WORK INSTRUCTION: In the data below, the copy begins at the line containing "Glade PlugIns Refills" and runs through the last line; repeat those lines exactly, minus the pictures.

GIVEN MATERIAL:
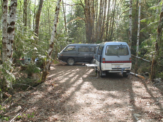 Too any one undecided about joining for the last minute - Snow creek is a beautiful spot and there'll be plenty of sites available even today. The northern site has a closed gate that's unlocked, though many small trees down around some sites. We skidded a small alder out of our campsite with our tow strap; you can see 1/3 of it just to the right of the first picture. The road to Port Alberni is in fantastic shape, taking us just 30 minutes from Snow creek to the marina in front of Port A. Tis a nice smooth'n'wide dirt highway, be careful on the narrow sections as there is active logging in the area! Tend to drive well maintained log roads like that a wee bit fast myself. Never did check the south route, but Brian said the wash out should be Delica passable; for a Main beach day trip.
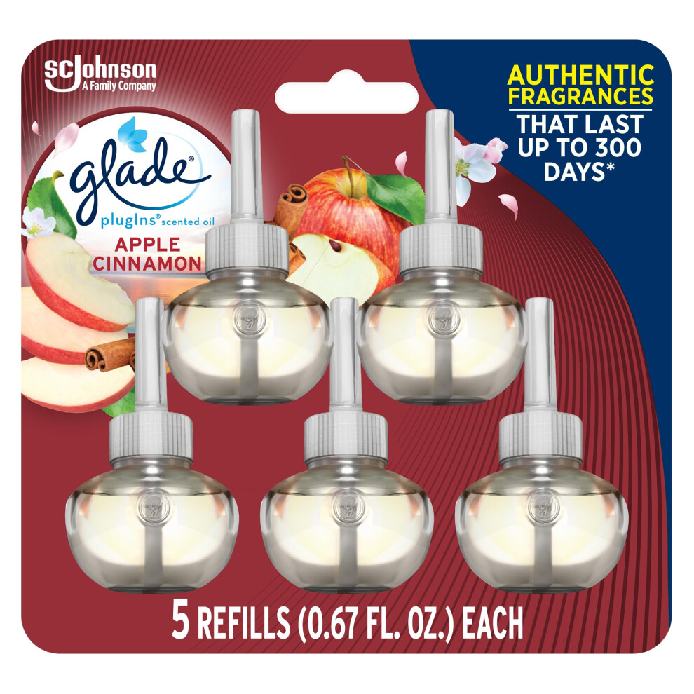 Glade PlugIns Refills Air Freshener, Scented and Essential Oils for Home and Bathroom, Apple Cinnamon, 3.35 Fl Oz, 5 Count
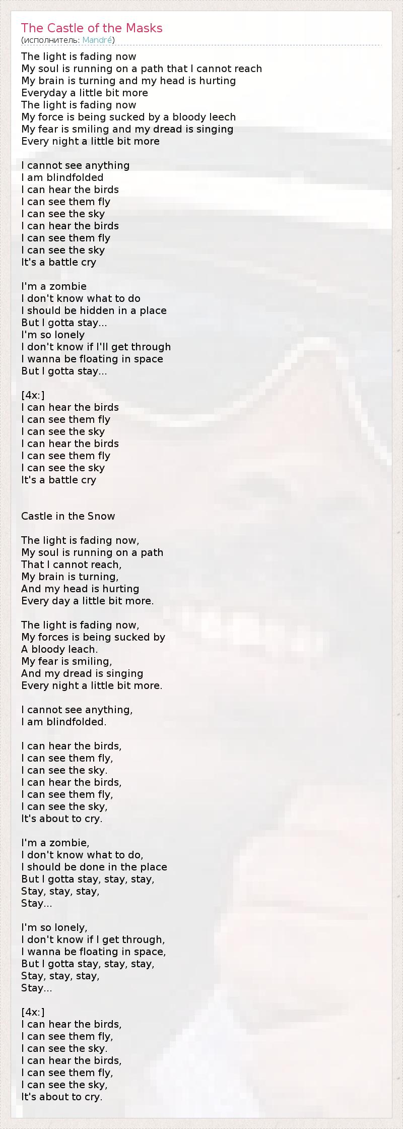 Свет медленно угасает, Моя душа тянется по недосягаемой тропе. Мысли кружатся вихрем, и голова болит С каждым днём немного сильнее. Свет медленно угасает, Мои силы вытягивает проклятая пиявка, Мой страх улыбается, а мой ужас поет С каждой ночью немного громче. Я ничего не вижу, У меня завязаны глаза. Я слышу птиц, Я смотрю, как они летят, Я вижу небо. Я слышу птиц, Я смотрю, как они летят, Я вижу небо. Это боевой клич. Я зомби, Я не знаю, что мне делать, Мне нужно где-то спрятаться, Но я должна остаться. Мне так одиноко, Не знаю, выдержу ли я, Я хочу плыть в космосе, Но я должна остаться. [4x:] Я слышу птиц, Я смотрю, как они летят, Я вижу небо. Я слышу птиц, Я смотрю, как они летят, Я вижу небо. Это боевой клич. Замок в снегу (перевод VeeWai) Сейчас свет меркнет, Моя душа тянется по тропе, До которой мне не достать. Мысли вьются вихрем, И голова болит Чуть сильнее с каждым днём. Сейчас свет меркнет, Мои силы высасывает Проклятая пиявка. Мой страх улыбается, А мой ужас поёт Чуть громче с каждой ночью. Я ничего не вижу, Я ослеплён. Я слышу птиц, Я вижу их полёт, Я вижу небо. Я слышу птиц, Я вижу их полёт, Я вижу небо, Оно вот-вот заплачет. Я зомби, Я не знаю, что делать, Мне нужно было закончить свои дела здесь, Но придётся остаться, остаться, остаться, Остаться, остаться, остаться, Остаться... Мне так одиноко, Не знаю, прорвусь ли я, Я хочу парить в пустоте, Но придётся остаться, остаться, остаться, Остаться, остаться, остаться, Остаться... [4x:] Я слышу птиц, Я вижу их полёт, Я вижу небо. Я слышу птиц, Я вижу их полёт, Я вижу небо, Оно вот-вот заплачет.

COMPLETED TASK:
 Glade PlugIns Refills Air Freshener, Scented and Essential Oils for Home and Bathroom, Apple Cinnamon, 3.35 Fl Oz, 5 Count
 Свет медленно угасает, Моя душа тянется по недосягаемой тропе. Мысли кружатся вихрем, и голова болит С каждым днём немного сильнее. Свет медленно угасает, Мои силы вытягивает проклятая пиявка, Мой страх улыбается, а мой ужас поет С каждой ночью немного громче. Я ничего не вижу, У меня завязаны глаза. Я слышу птиц, Я смотрю, как они летят, Я вижу небо. Я слышу птиц, Я смотрю, как они летят, Я вижу небо. Это боевой клич. Я зомби, Я не знаю, что мне делать, Мне нужно где-то спрятаться, Но я должна остаться. Мне так одиноко, Не знаю, выдержу ли я, Я хочу плыть в космосе, Но я должна остаться. [4x:] Я слышу птиц, Я смотрю, как они летят, Я вижу небо. Я слышу птиц, Я смотрю, как они летят, Я вижу небо. Это боевой клич. Замок в снегу (перевод VeeWai) Сейчас свет меркнет, Моя душа тянется по тропе, До которой мне не достать. Мысли вьются вихрем, И голова болит Чуть сильнее с каждым днём. Сейчас свет меркнет, Мои силы высасывает Проклятая пиявка. Мой страх улыбается, А мой ужас поёт Чуть громче с каждой ночью. Я ничего не вижу, Я ослеплён. Я слышу птиц, Я вижу их полёт, Я вижу небо. Я слышу птиц, Я вижу их полёт, Я вижу небо, Оно вот-вот заплачет. Я зомби, Я не знаю, что делать, Мне нужно было закончить свои дела здесь, Но придётся остаться, остаться, остаться, Остаться, остаться, остаться, Остаться... Мне так одиноко, Не знаю, прорвусь ли я, Я хочу парить в пустоте, Но придётся остаться, остаться, остаться, Остаться, остаться, остаться, Остаться... [4x:] Я слышу птиц, Я вижу их полёт, Я вижу небо. Я слышу птиц, Я вижу их полёт, Я вижу небо, Оно вот-вот заплачет.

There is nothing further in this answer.